Extracted information |
********

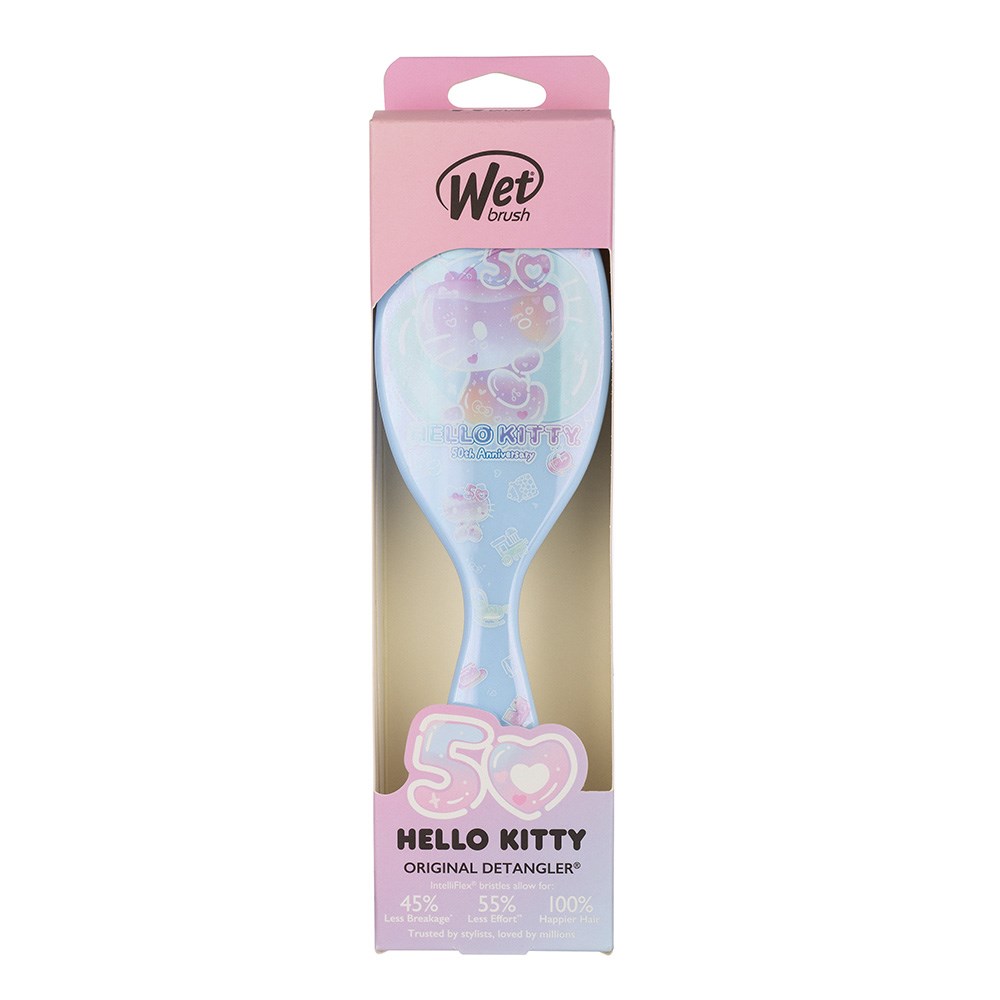 Celebrate Hello Kitty’s 50th birthday with the original, award-winning detangling brush! WetBrush Hello Kitty 50th Birthday Detangler Blue gently loosens knots on wet or dry hair without pulling or snagging. The moment you use it, you’ll feel the difference and never want to try another detangling brush again. Exclusive, ultra-soft Wet Brush IntelliFlex bristles glide through tangles on all hair types with ease. Minimise pain and protect against split ends and breakage. Brush with less force so you can detangle with less damage to hair. A super special Hello Kitty birthday edition!
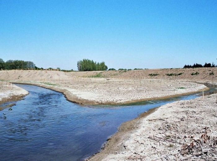 A Bouillargues, l’opportunité foncière d’anciens bassins de lagunage communaux désaffectés (5 ha) et la motivation du domaine du moulin Gazay de rendre à la rivière son air d’autrefois (celui de la belle époque quand les Nîmois venaient canoter sur le Vistre), ont dicté un projet différent sur lequel le cours canalisé est abandonné et comblé au profit d’un nouveau lit sinueux (2 km).
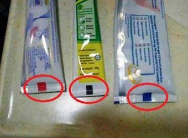 Ատամի մածուկների տուփի վրա տարբեր գույների շերտագծեր են լինում, գրում է Fitfoodhouse.net-ը: Շերտագծերի գույնը կախված է մածուկի բաղադրությունից:
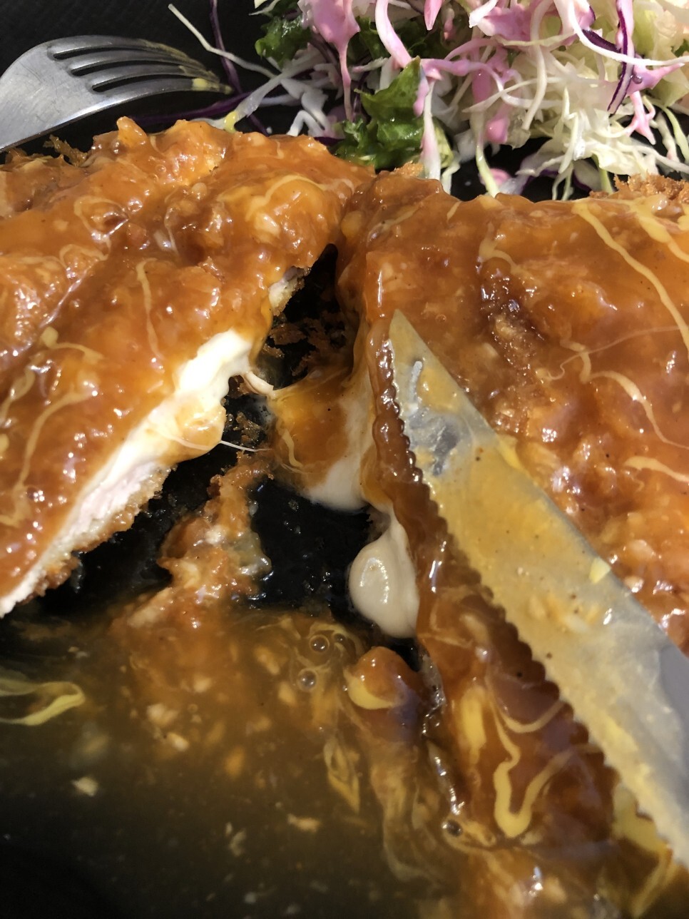 입으로 먹어봐도 뭐가 치즈돈가스인지 알 수 없지비.
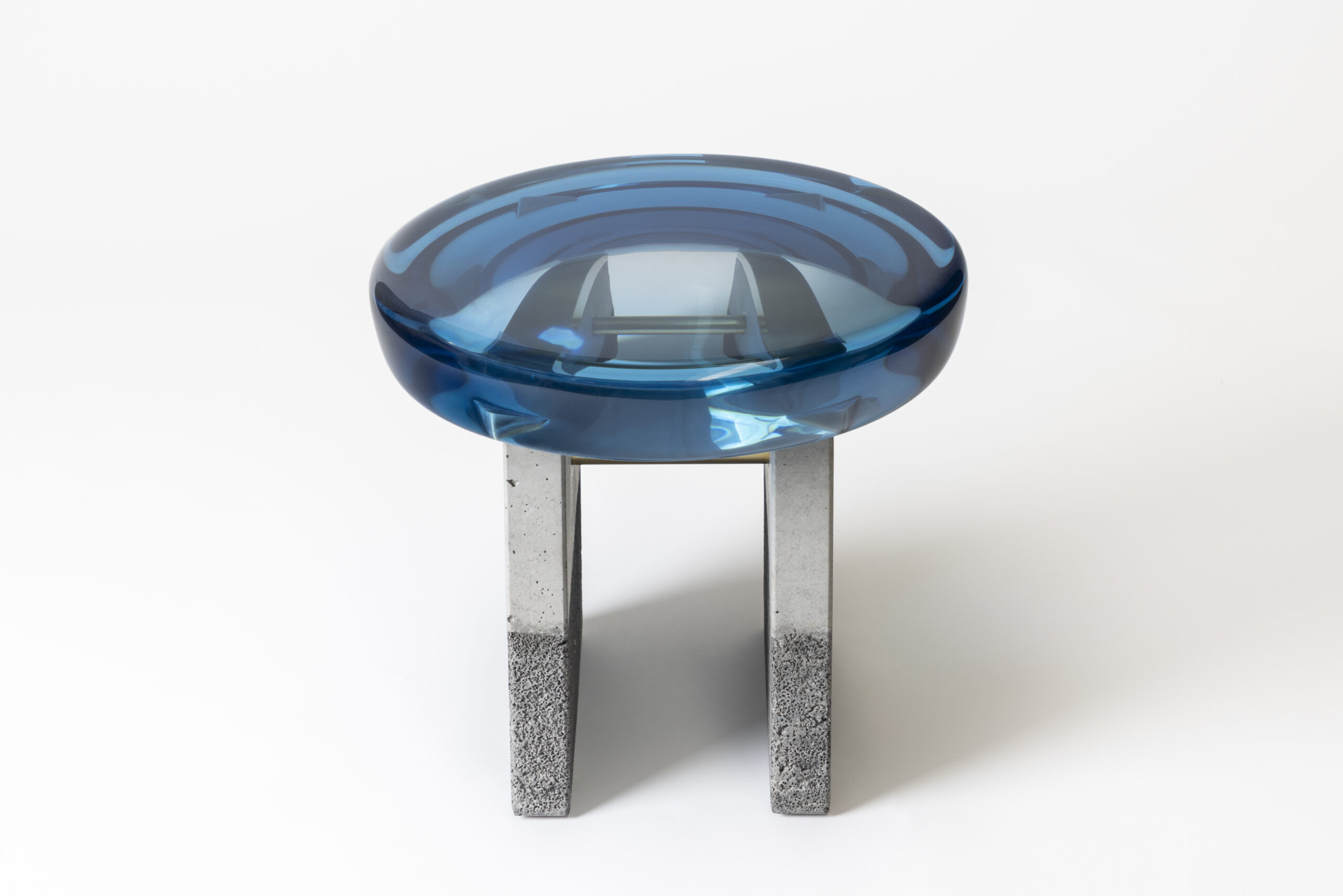 Formed from a combination of reflective resin and solid brass, the Jade coffee tables look like precious gems. The surface is made by hand in resin of 10 cm high: each one takes over a week to cast. Thanks to a handcrafted surface treatment, special brass veins characterize the structure of the coffee tables. Inspired by the magical mineral color palette of Transparency matters, these coffee tables are featured by ethereal transparency, luxurious sensitivity, and a reflective surface that plays poetically with the light, reflecting your gaze as a functional work of art.
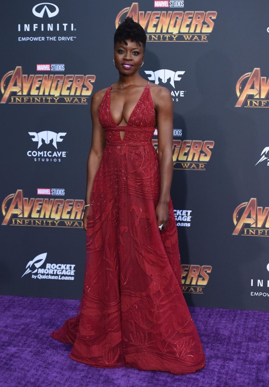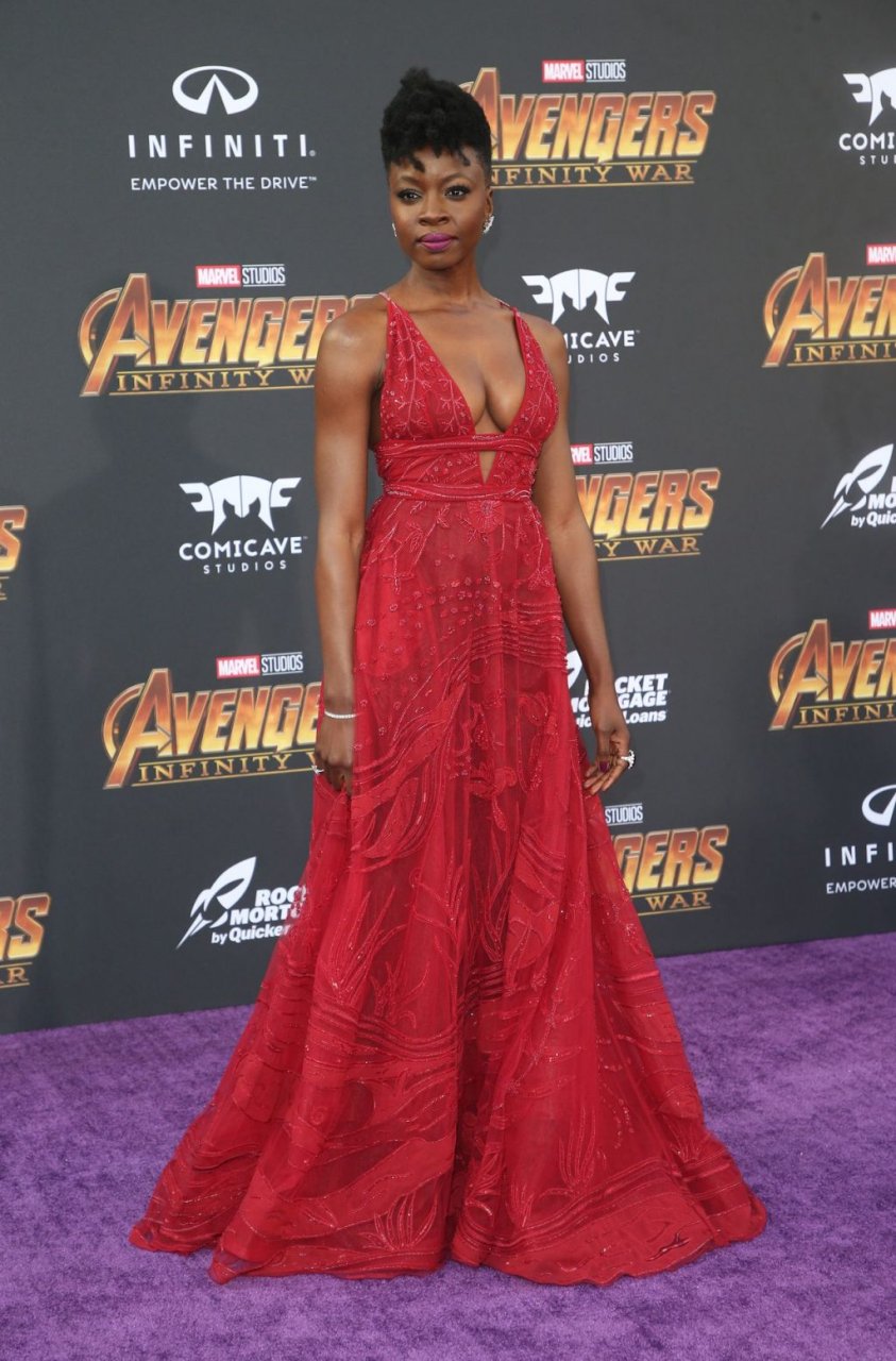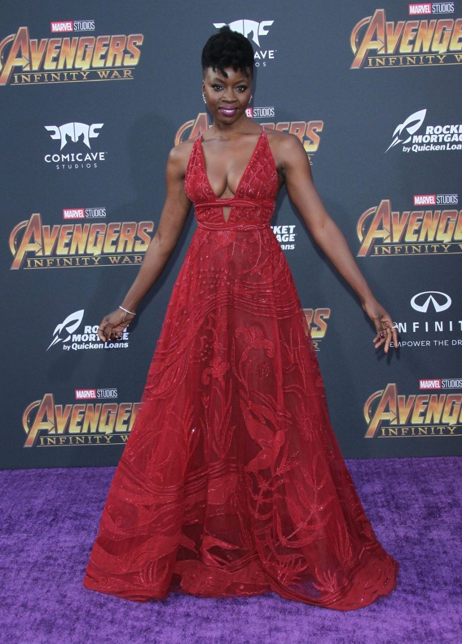 La star di “Walking Dead”, l’attrice Danai Gurira (40), ha mostrato il suo décolleté alla prima mondiale di “Avengers: Infinity War” di Disney e Marvel, tenutasi al El Capitan Theater, Dolby Theatre e TCL Chinese Theater IMAX a Hollywood, il 23/04/2018.

********

A picture-free version of all the records, repeated exactly, is what to return.

Finished task |
 Celebrate Hello Kitty’s 50th birthday with the original, award-winning detangling brush! WetBrush Hello Kitty 50th Birthday Detangler Blue gently loosens knots on wet or dry hair without pulling or snagging. The moment you use it, you’ll feel the difference and never want to try another detangling brush again. Exclusive, ultra-soft Wet Brush IntelliFlex bristles glide through tangles on all hair types with ease. Minimise pain and protect against split ends and breakage. Brush with less force so you can detangle with less damage to hair. A super special Hello Kitty birthday edition!
 A Bouillargues, l’opportunité foncière d’anciens bassins de lagunage communaux désaffectés (5 ha) et la motivation du domaine du moulin Gazay de rendre à la rivière son air d’autrefois (celui de la belle époque quand les Nîmois venaient canoter sur le Vistre), ont dicté un projet différent sur lequel le cours canalisé est abandonné et comblé au profit d’un nouveau lit sinueux (2 km).
 Ատամի մածուկների տուփի վրա տարբեր գույների շերտագծեր են լինում, գրում է Fitfoodhouse.net-ը: Շերտագծերի գույնը կախված է մածուկի բաղադրությունից:
 입으로 먹어봐도 뭐가 치즈돈가스인지 알 수 없지비.
 Formed from a combination of reflective resin and solid brass, the Jade coffee tables look like precious gems. The surface is made by hand in resin of 10 cm high: each one takes over a week to cast. Thanks to a handcrafted surface treatment, special brass veins characterize the structure of the coffee tables. Inspired by the magical mineral color palette of Transparency matters, these coffee tables are featured by ethereal transparency, luxurious sensitivity, and a reflective surface that plays poetically with the light, reflecting your gaze as a functional work of art.
 La star di “Walking Dead”, l’attrice Danai Gurira (40), ha mostrato il suo décolleté alla prima mondiale di “Avengers: Infinity War” di Disney e Marvel, tenutasi al El Capitan Theater, Dolby Theatre e TCL Chinese Theater IMAX a Hollywood, il 23/04/2018.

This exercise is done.